While the overall performance of the exoskeleton controller was comparable when implementing our deeplearning predictions and ground reaction sensor values, we did observe a delay-like effect in the stance interpolation factor estimation which likely resulted in some performance discrepancies at specific phases of the gait cycle. Specifically, we observed a longer stance duration when walking with the deep-learning predictions at slower speeds (Fig. 4); this was associated with a longer transition between left and right single stance (i.e., double stance to swing).
During treadmill and overground walking, at the knee
joint, we observed higher interaction torque error at the beginning of the swing phase (around 60-70% of the cycle, Fig. 6A) with the deep-learning predictions. This increase in interaction torque error was more noticeable during overground walking, and also observed at the hip joint. In this condition, the use of crutches may have promoted additional lateral movement which was not measured by the exoskeleton [21].
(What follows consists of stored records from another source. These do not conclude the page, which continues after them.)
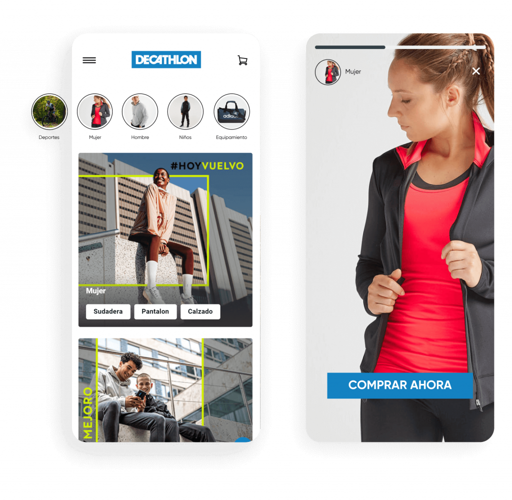 Aumenta la visibilidad y mejora el descubrimiento de productos a través de la navegación como en redes sociales. Con InStory, puedes personalizar stories según los intereses o el comportamiento de los usuarios; las imágenes se expanden en una experiencia inmersiva que tus clientes amarán.
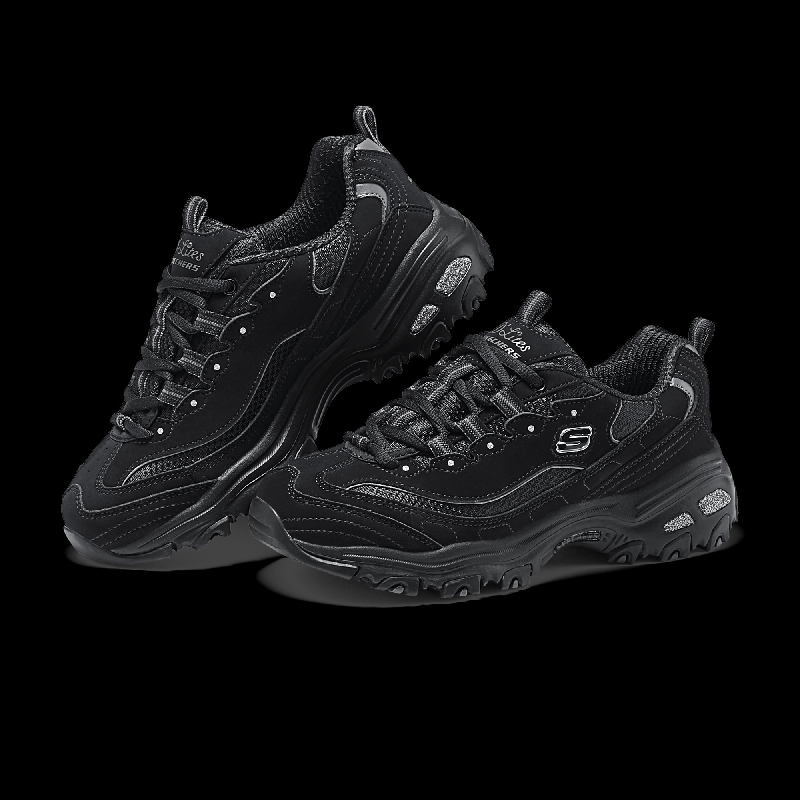 斯凯奇纯黑色熊猫鞋女款老爹鞋厚底休闲运动鞋夏季新款官方旗舰
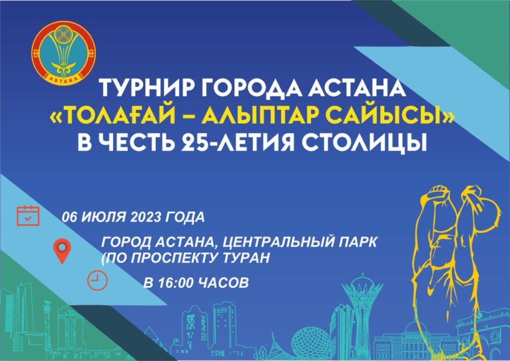 При поддержке акимата Астаны в честь 25-летия столицы состоится открытый городской турнир — состязания сильнейших «Толагай», сообщает официальный сайт акимата города.
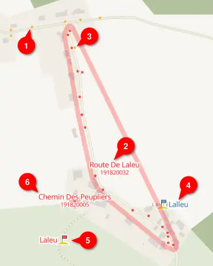 - (4) et (5) Ce lieu-dit en bleu Lalleu est dans OSM mais n'a pas été trouvé dans la BAN. On voit par contre que le lieu-dit Laleu existe dans la BAN avec l'orthographe de la rue, on peut donc corriger le nom dans OSM sans hésitation.

For both treadmill and overground walking, the discrepancies in interaction torque errors relative to their respective ground truths could be due to the deep-learning model requiring users to change their kinematics before the stance interpolation factor changes. This is different from using force sensors, which can detect changes in weight distribution independent of kinematics recorded by the exoskeleton. One way to improve the detection of changes in weight distribution in the deep-learning model is to incorporate the frontal plane IMU angle of the backpack in addition to the sagittal plane angles from the backpack and joint encoders.